Amazon Web Services Brings Machine Learning to DataOps
Remember that old saying, “If the mountain will not come to Muhammad, then Muhammad must go to the mountain”? Well, Amazon Web Services is hoping to bring more machine learning to the worldwide development community.
Over the past few years, Amazon Web Services has exerted a lot of engineering effort into integrating the processes around creating and refining machine learning models into modern development lifecycles, developing a platform, Amazon SageMaker, to streamline the process.
Now, the company is taking the next step, integrating the ML workflows directly into the sources of data themselves. The company has incorporated its tool for automating the creation of ML models, called SageMaker Autopilot, into many of its chief data management services, said Swami Sivasubramanian, who manages ML/AI services for AWS, at this year’s annual, and virtual, user conference, AWS Re:Invent.
The idea is to provide users of AWS data storage, databases and data warehouse tools the ability to create models with an interface all database administrators know: the Structured Query Language (SQL).
“Machine learning is a very iterative process. You prepare some of the data, you train the model and you [check] the model is converging the right way. What often happens is during that process you realize that you need to change your data preparation, like include new labels in the data, new features in the data [or] combine the features in a different way,” said Bratin Saha, vice president for AWS ML, explaining to The New Stack why AWS is integrating data preparation with SageMaker and its machine learning infrastructure. “When you’re going through hundreds of models, you really need this closely coupled so it’s a single tool, and teams become much more productive [with] a single tool.”
This work actually started last year, with AWS integrating ML inside Amazon Aurora for relational database developers. This new feature allowed them to add ML capabilities to an enterprise application through a simple query. That year, it did something similar with its interactive query service, called Athena, allowing developers to access built-in or custom ML models directly from Athena ad-hoc queries.

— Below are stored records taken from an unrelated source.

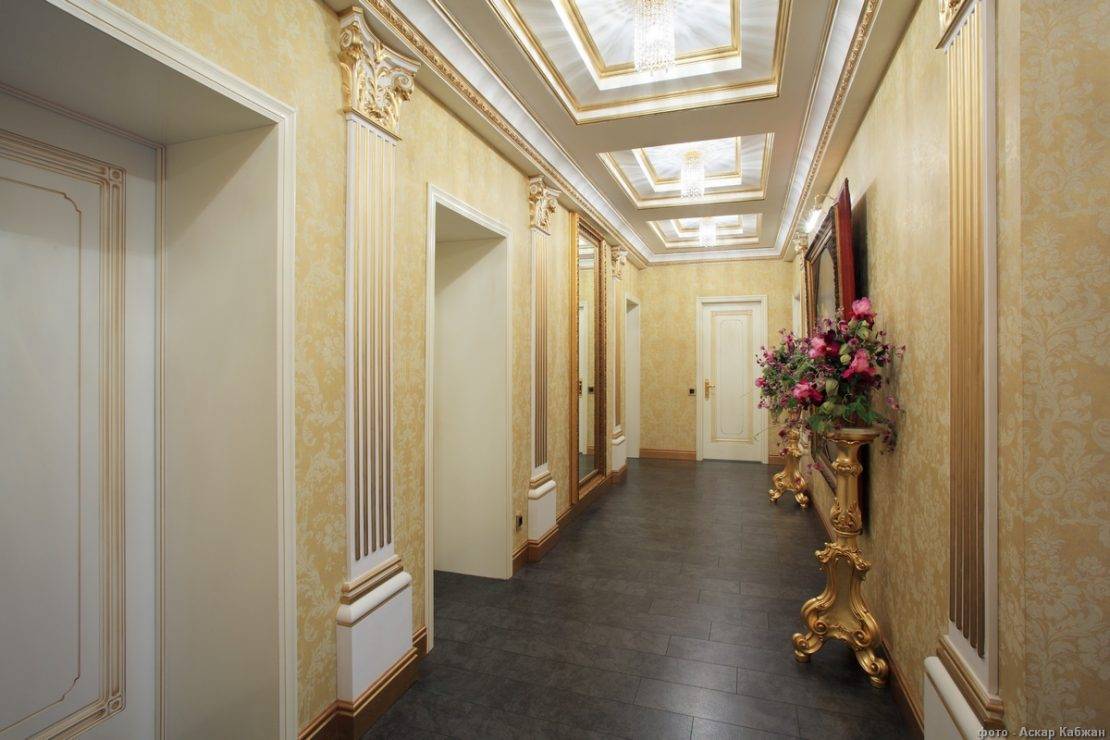 - Детали. Если квартира большая, прихожая тоже объемная, то ограничений в применении орнаментов, лепнины, прочих деталей нет. Это может быть геометрически ровная фигура или криволинейные арки, вырезанные из пенопласта фрагменты или лепные пилястры, колонны.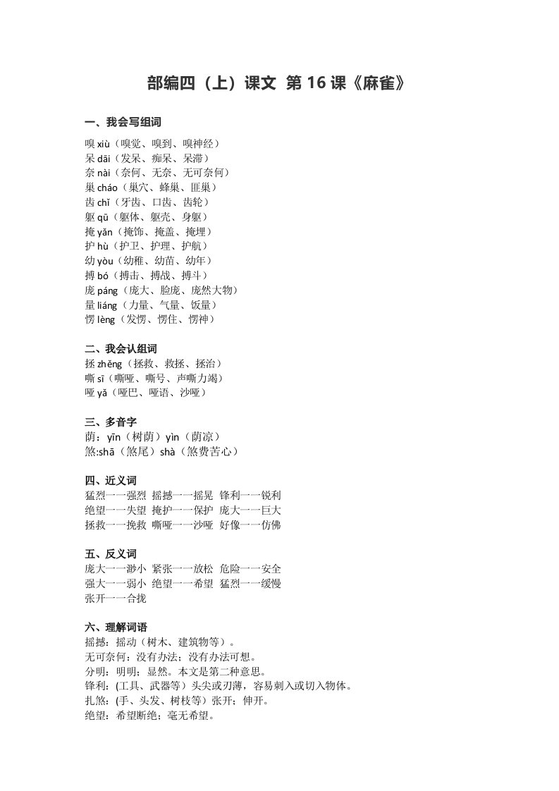 当前位置: 首页小学资源小学四年级正文 四年级语文上册16第16课《麻雀》_共4页 小学四年级 1 周前 0 0 5 以上为部分内容预览,如需源文档请登录您的会员账号进行下载! 声明:本站所有文章,如无特殊说明或标注,均为本站原创发布。任何个人或组织,在未征得本站同意时,禁止复制、盗用、采集、发布本站内容到任何网站、书籍等各类媒体平台。如若本站内容侵犯了原著者的合法权益,可联系我们进行处理。 尚学资源永久会员 打赏 收藏 海报 链接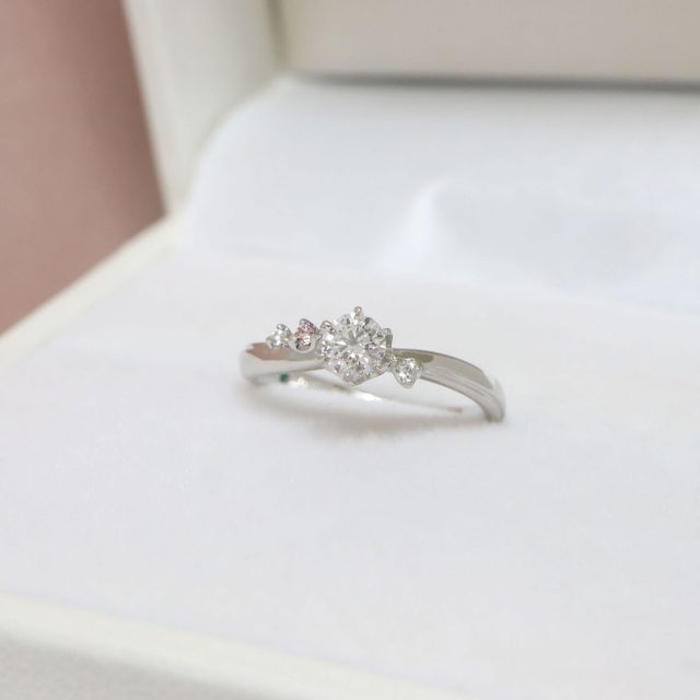 結婚指輪のダイヤモンドを5石のところを7石に増やしていただき加工も大変だったと思います。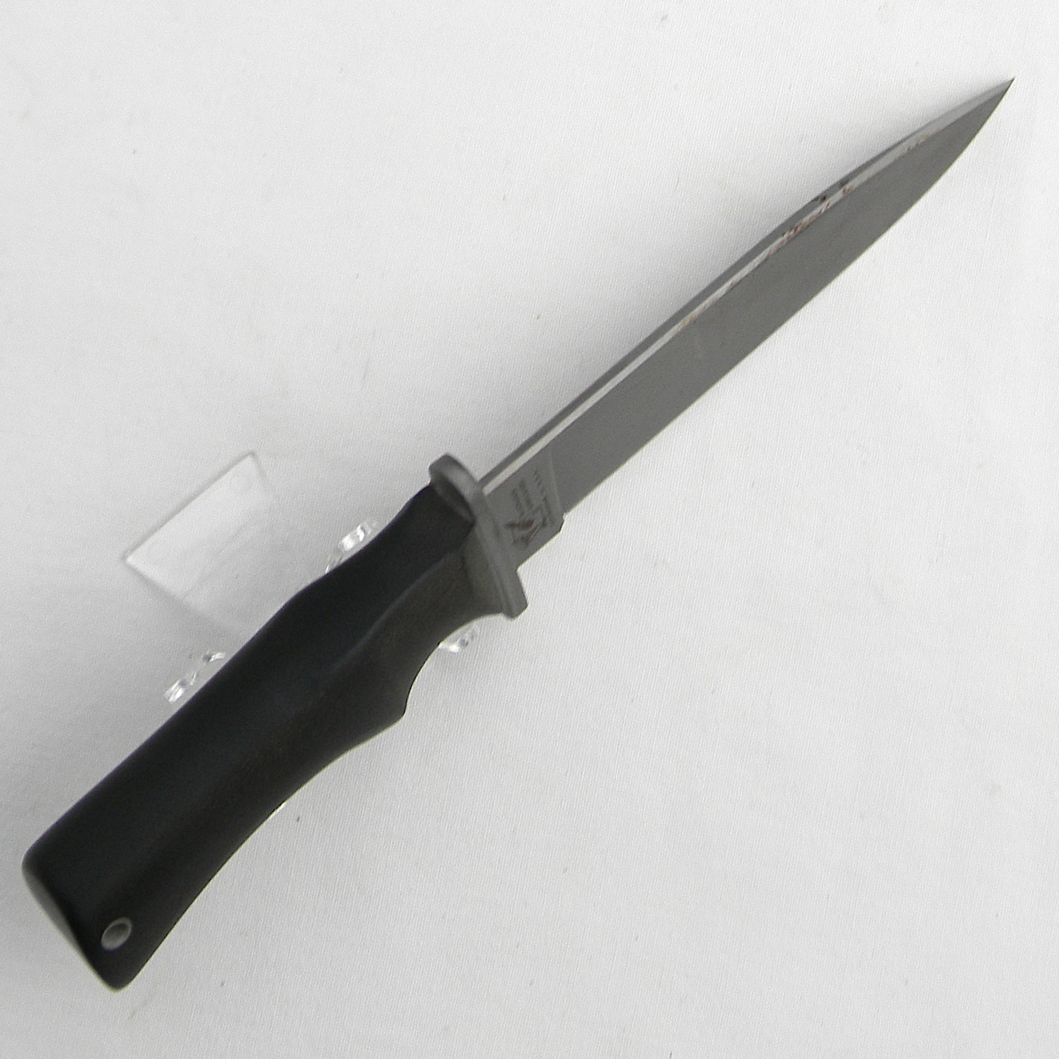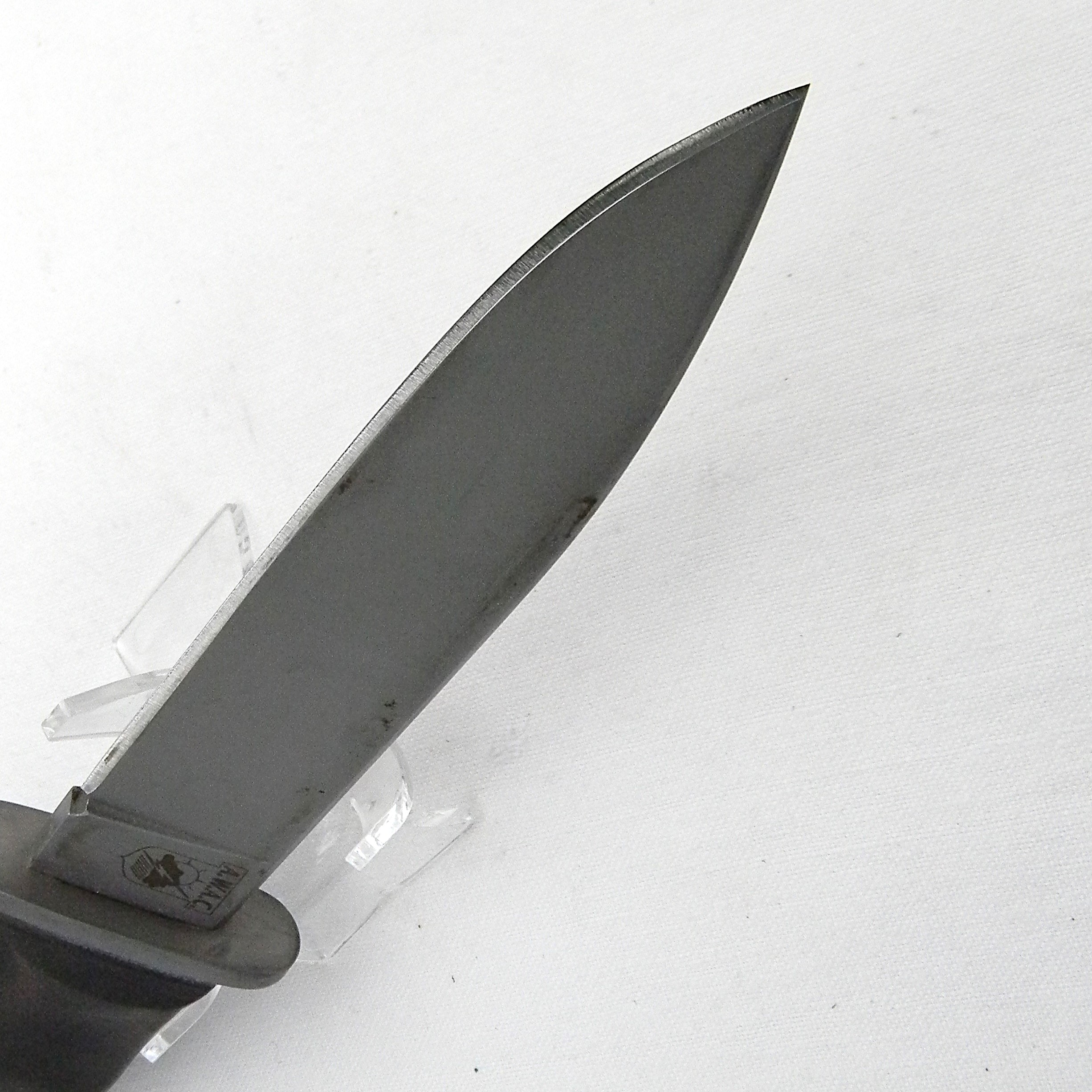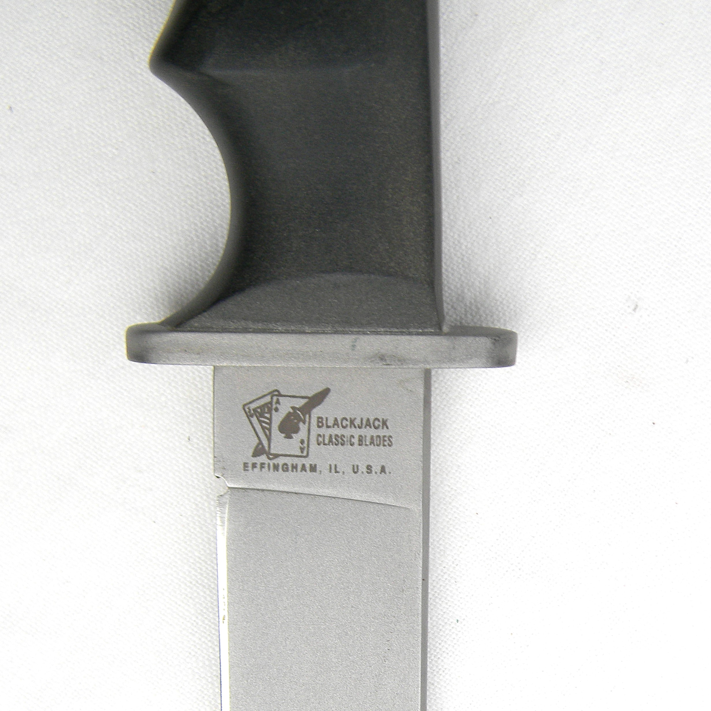 Excellent quality original US-made Blackjack Knives AWAC (All Weather – All Conditions) fighting knife made circa 1995 in Effingham, IL. Blackjack had always made excellent quality products. But their labor intensive production also made it hard to compete with cheap mass-produced Chinese junk 🙁 Blackjack managed to complete only 1000 of these high quality fighters before Blackjack went bankrupt.

.@awscloud launched a #ML service to check for #Bias in #AI models.Running in #SageMaker, #Clarify allows you to specify attributes (age, gender) that it will check for associated trends indicating prejudice, i.e. more denials for one particular group-@phenomenashlie #awsreinvent pic.twitter.com/xU9sMLznBN
— Joab Jackson (@Joab_Jackson) December 8, 2020
This year the integrations continue. The company’s Redshift data warehouse has been outfitted with machine learning capabilities. As the company explained in a blog post:
Amazon Redshift now enables you to run ML algorithms on Amazon Redshift data without manually selecting, building, or training an ML model. Amazon Redshift ML works with Amazon SageMaker Autopilot, a service that automatically trains and tunes the best ML models for classification or regression based on your data while allowing full control and visibility.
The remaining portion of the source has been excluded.